Beyond Similar Information: A Distinction-Preserving Framework for Graph Autoencoders
摘要
Graph autoencoders (GAEs), a class of generative self-supervised learning methods, have demonstrated great potential in recent years. Typically, GAEs employ an encoder to map the input graph into a latent representation and a decoder to reconstruct the graph by recovering its characteristics, such as node features or structural information. However, GAEs that rely on feature reconstruction often fail to recover the unique information that differs from neighboring nodes, leading to excessive feature smoothness between neighboring nodes and sub-optimal performance.
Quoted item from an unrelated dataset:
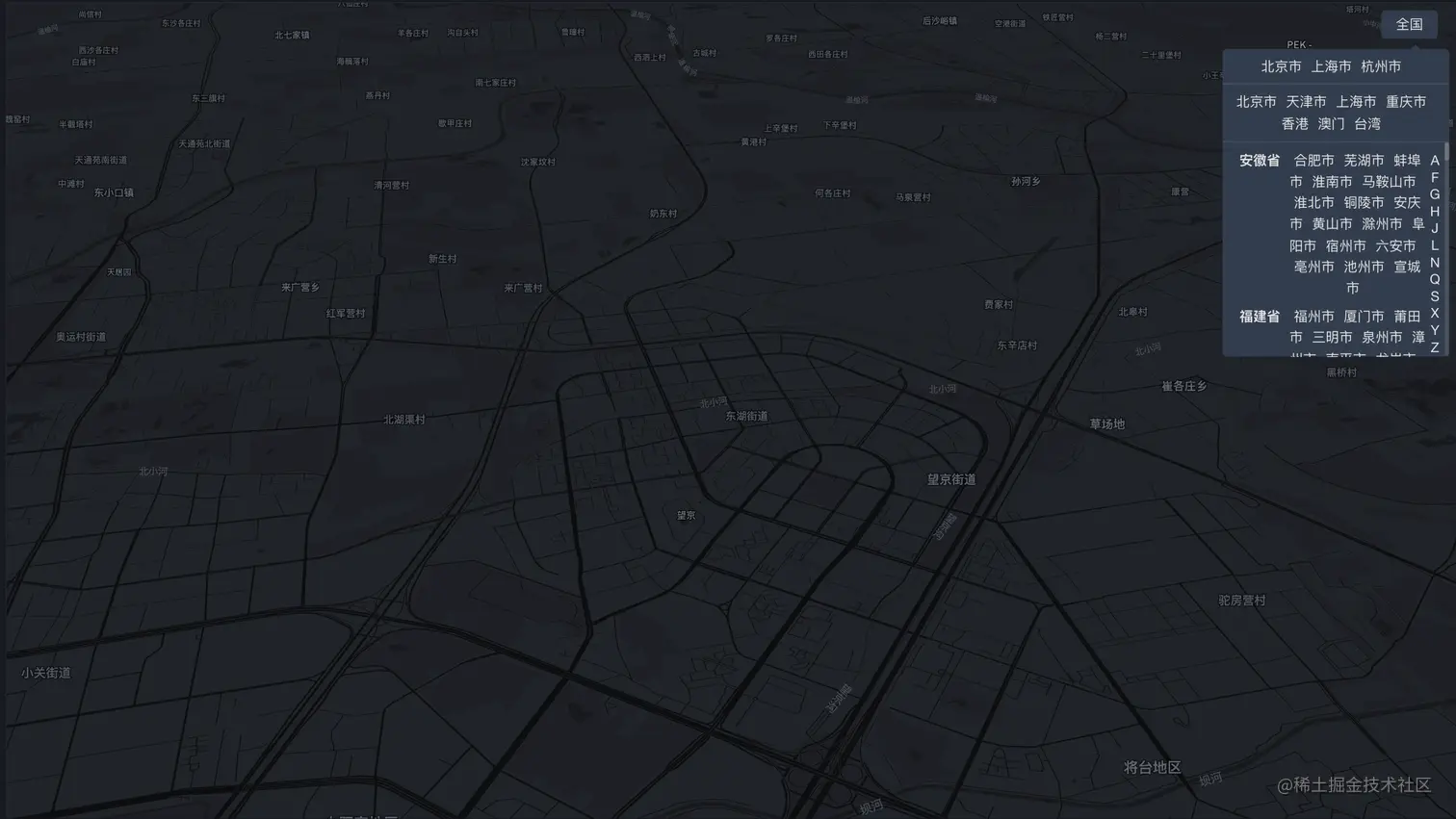 本模板中运用了3D城市-抢先版组件,通过卫星遥感技术、激光雷达、航空摄影等方式获取城市的地形数据,对山川河流、道路、建筑等信息进行展示。在组件编辑右上角,支持一键切换地区,全国地理信息一览无遗。同时支持以三维形式展现城市建筑群及相应地理信息数据,或自定义上传三维模型,在3D城市建筑基础上叠加点标记、电子围栏、飞线等地理信息子组件。

To address this issue, we propose two complementary strategies applied during the encoding and decoding phases, respectively. At the decoding stage, we develop a simple yet effective approach to preserve the distinctiveness between neighbors in the raw graph. We conceptualize the encoder-decoder architecture of GAEs as a teacher-student framework, where we compute pairwise node dissimilarities in both the original and reconstructed graphs and enforce a Kullback-Leibler divergence constraint to transfer distinctiveness from the input to the output space. At the encoding stage, we introduce a discriminative constraint that encourages decorrelation among similar node pairs, implemented via a covariance-based regularization that jointly considers node and neighborhood embeddings. Based on these strategies, we present ClearGAE, a GAE capable of reconstructing graphs while preserving their essential distinctions. Extensive experiments on three types of graph tasks demonstrate the effectiveness of ClearGAE. Moreover, our strategies are model-agnostic and can be seamlessly integrated as plug-and-play modules into other GAE variants.